→ Work instruction:
Every line of the material needs an exact copy, apart from the images.

→ Supplied material:
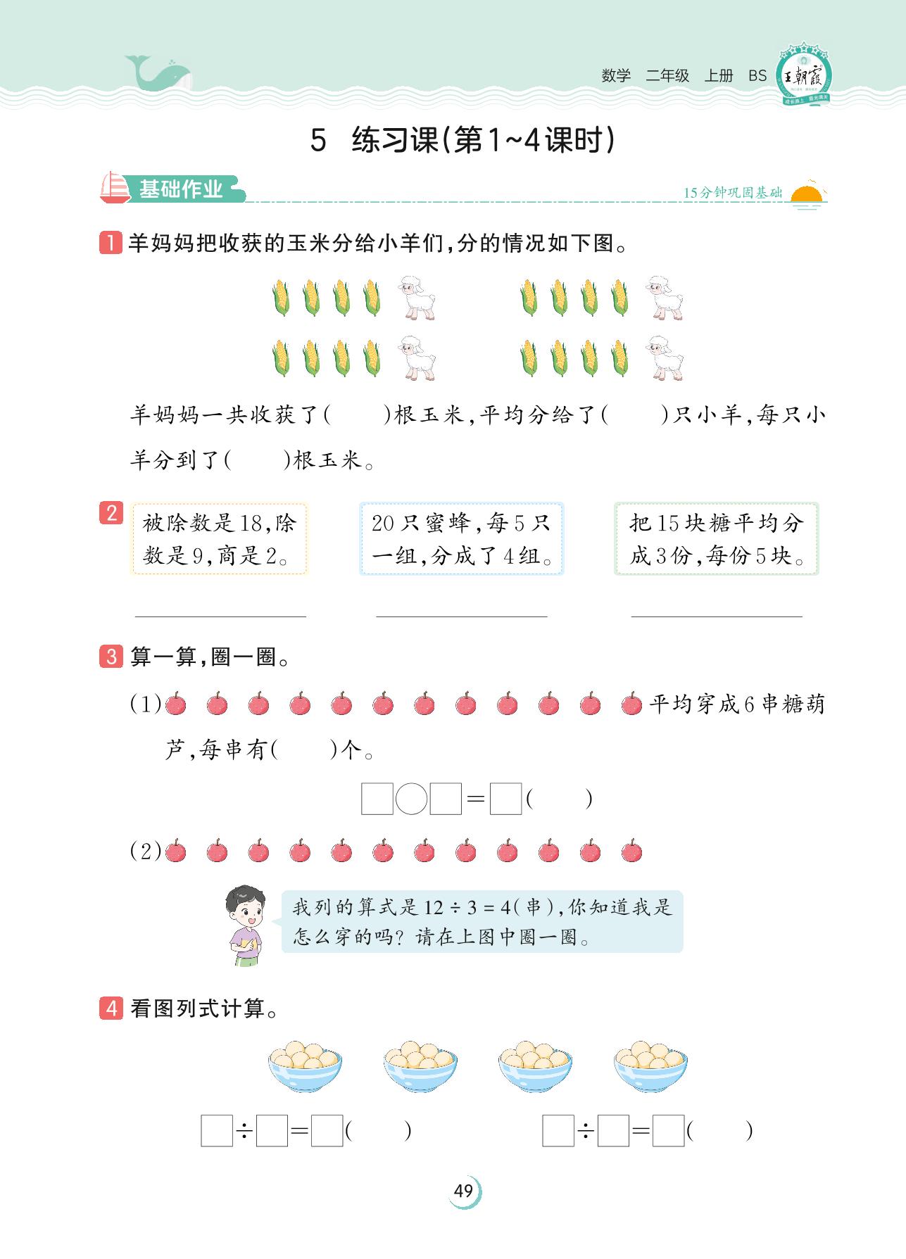 2023上册二年级数学北师版 第七单元 分一分与除法——5 练习课(第1~4课时)
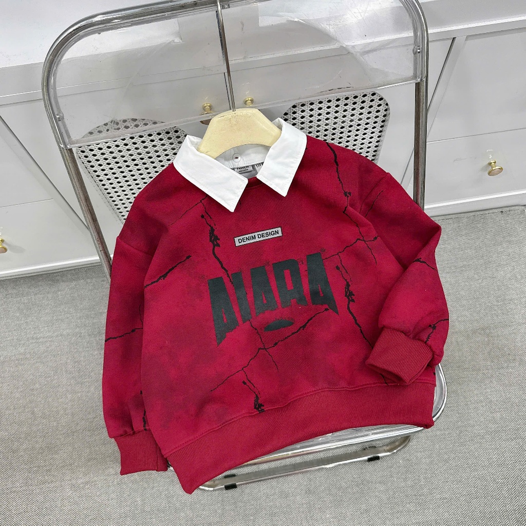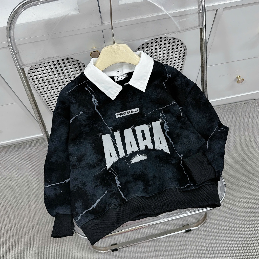 Áo Nỉ 2 Da Cao Cấp Cho Bé Trai Phối Cổ Sơ Mi Tháo Rời, Mặc 2 phong cách, Chất Liệu Mềm Mịn Giữ Ấm, Đủ size từ 20-60kg
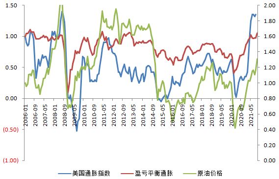 很大程度上,大宗商品价格、整体通胀指数和盈亏平衡通胀率不就是一回事么?他们就像是同一个人在不同镜子中的映射或者说虚拟分身一样。
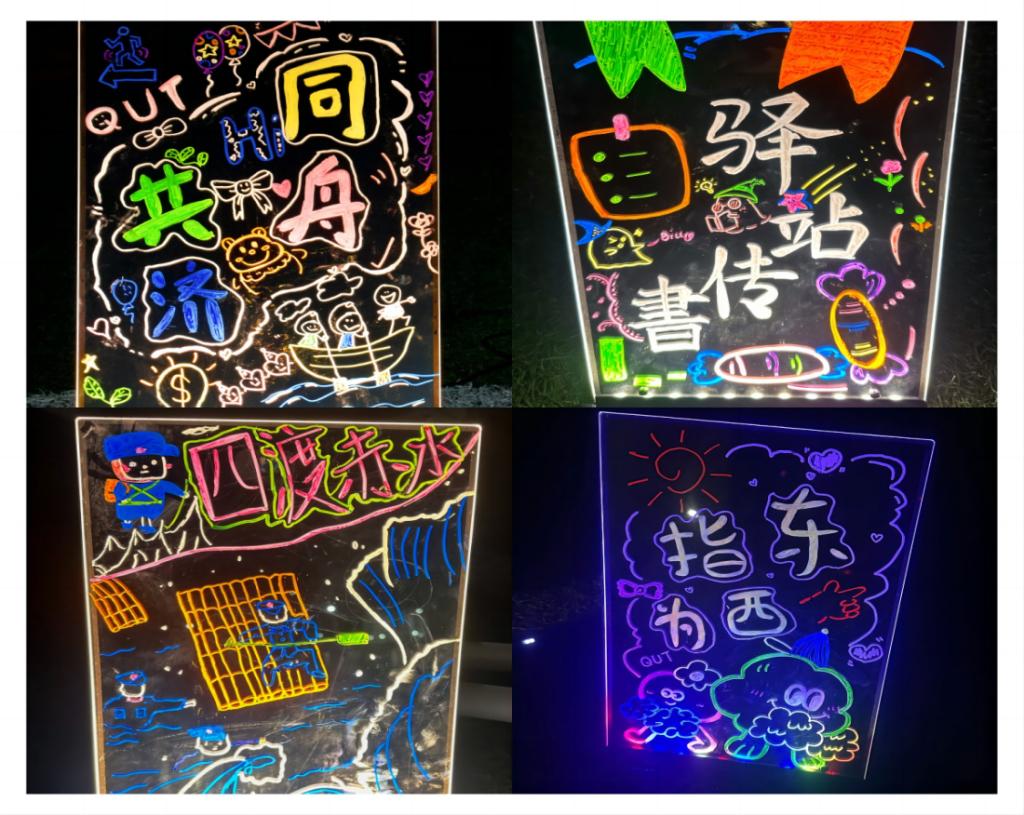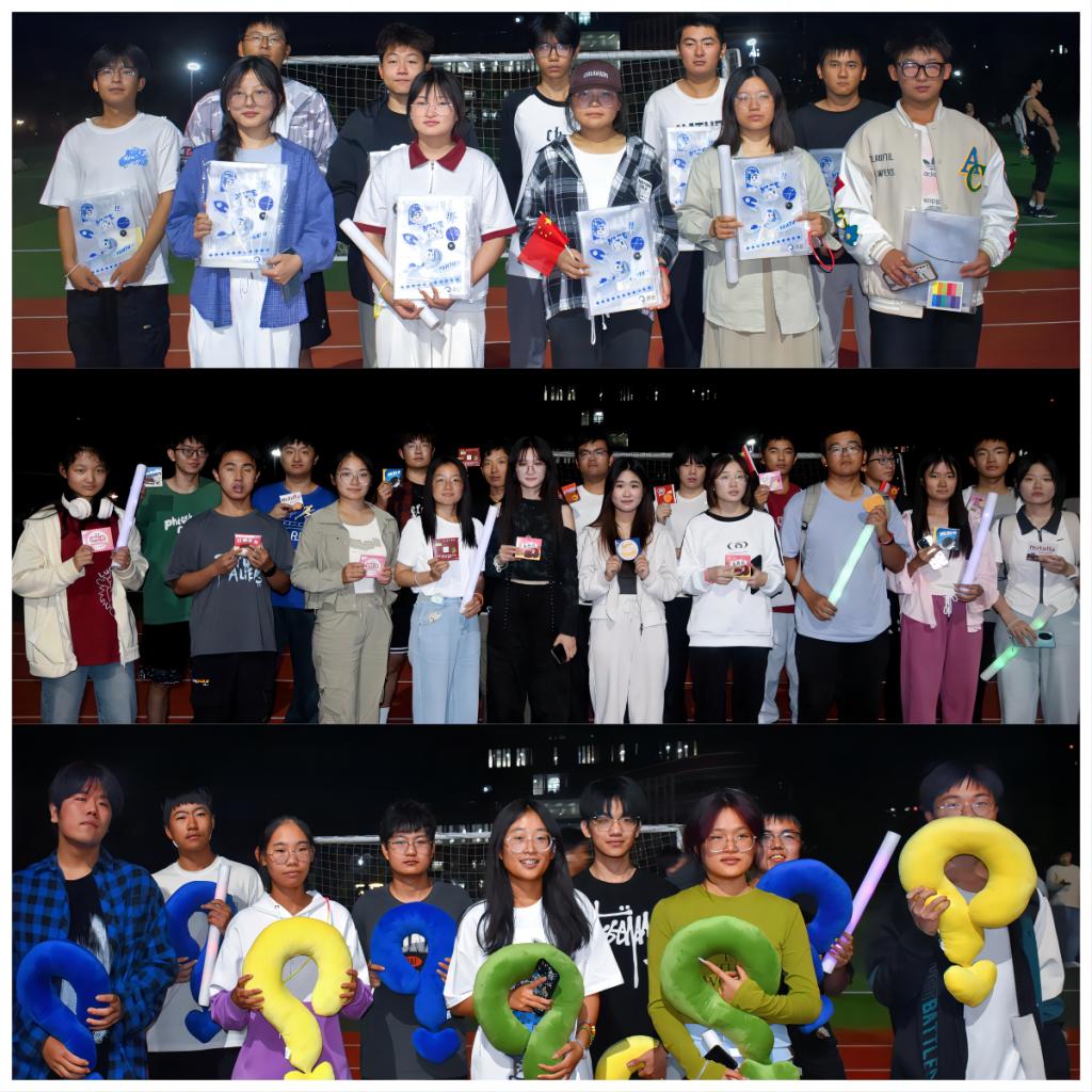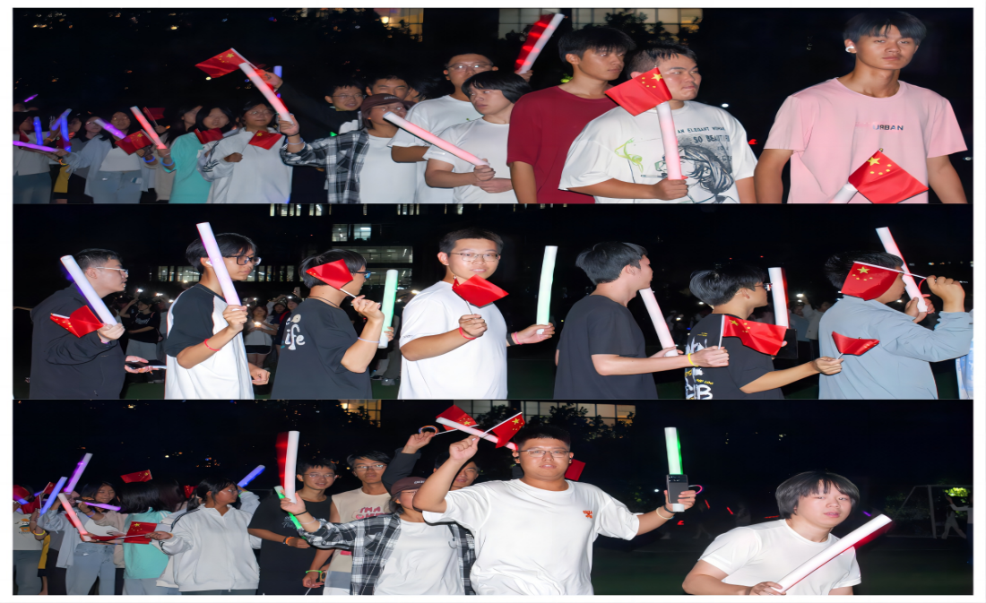 活动现场,人潮涌动,气氛热烈。夜跑队伍身着荧光装备,他们活力四射、激情满满,用自己的脚步去丈量这片深爱的土地。“五星红旗迎风飘扬,胜利歌声多么响亮”500余名学生齐声高唱《歌唱祖国》,共同表达对强国复兴的坚定信念和满腔热情。本次夜跑路线经过精心规划,以操场中心为起点,学生挥舞着荧光设备摆出图案,沿途设置了多个荧光打卡点,参与者们可以在这些地方拍照留念,记录下这一难忘的时刻。信号枪声一响,同学们如同离弦之箭,迅速投入到这场荧光夜跑中,瞬间点燃了整个夜跑的激情。他们挥舞着荧光棒,迈着青春的步伐肆意奔跑,那一道道闪烁的光芒恰似乘风破浪、奔涌向前的浪潮。从空中俯瞰,五彩斑斓的荧光装饰点亮夜幕下的校园,宛如一片在夜色中熠熠生辉的荧光海洋,他们以行动庆祝祖国华诞,用汗水扬青春之风采。

→ Exercise answer:
 2023上册二年级数学北师版 第七单元 分一分与除法——5 练习课(第1~4课时)
 Áo Nỉ 2 Da Cao Cấp Cho Bé Trai Phối Cổ Sơ Mi Tháo Rời, Mặc 2 phong cách, Chất Liệu Mềm Mịn Giữ Ấm, Đủ size từ 20-60kg
 很大程度上,大宗商品价格、整体通胀指数和盈亏平衡通胀率不就是一回事么?他们就像是同一个人在不同镜子中的映射或者说虚拟分身一样。
 活动现场,人潮涌动,气氛热烈。夜跑队伍身着荧光装备,他们活力四射、激情满满,用自己的脚步去丈量这片深爱的土地。“五星红旗迎风飘扬,胜利歌声多么响亮”500余名学生齐声高唱《歌唱祖国》,共同表达对强国复兴的坚定信念和满腔热情。本次夜跑路线经过精心规划,以操场中心为起点,学生挥舞着荧光设备摆出图案,沿途设置了多个荧光打卡点,参与者们可以在这些地方拍照留念,记录下这一难忘的时刻。信号枪声一响,同学们如同离弦之箭,迅速投入到这场荧光夜跑中,瞬间点燃了整个夜跑的激情。他们挥舞着荧光棒,迈着青春的步伐肆意奔跑,那一道道闪烁的光芒恰似乘风破浪、奔涌向前的浪潮。从空中俯瞰,五彩斑斓的荧光装饰点亮夜幕下的校园,宛如一片在夜色中熠熠生辉的荧光海洋,他们以行动庆祝祖国华诞,用汗水扬青春之风采。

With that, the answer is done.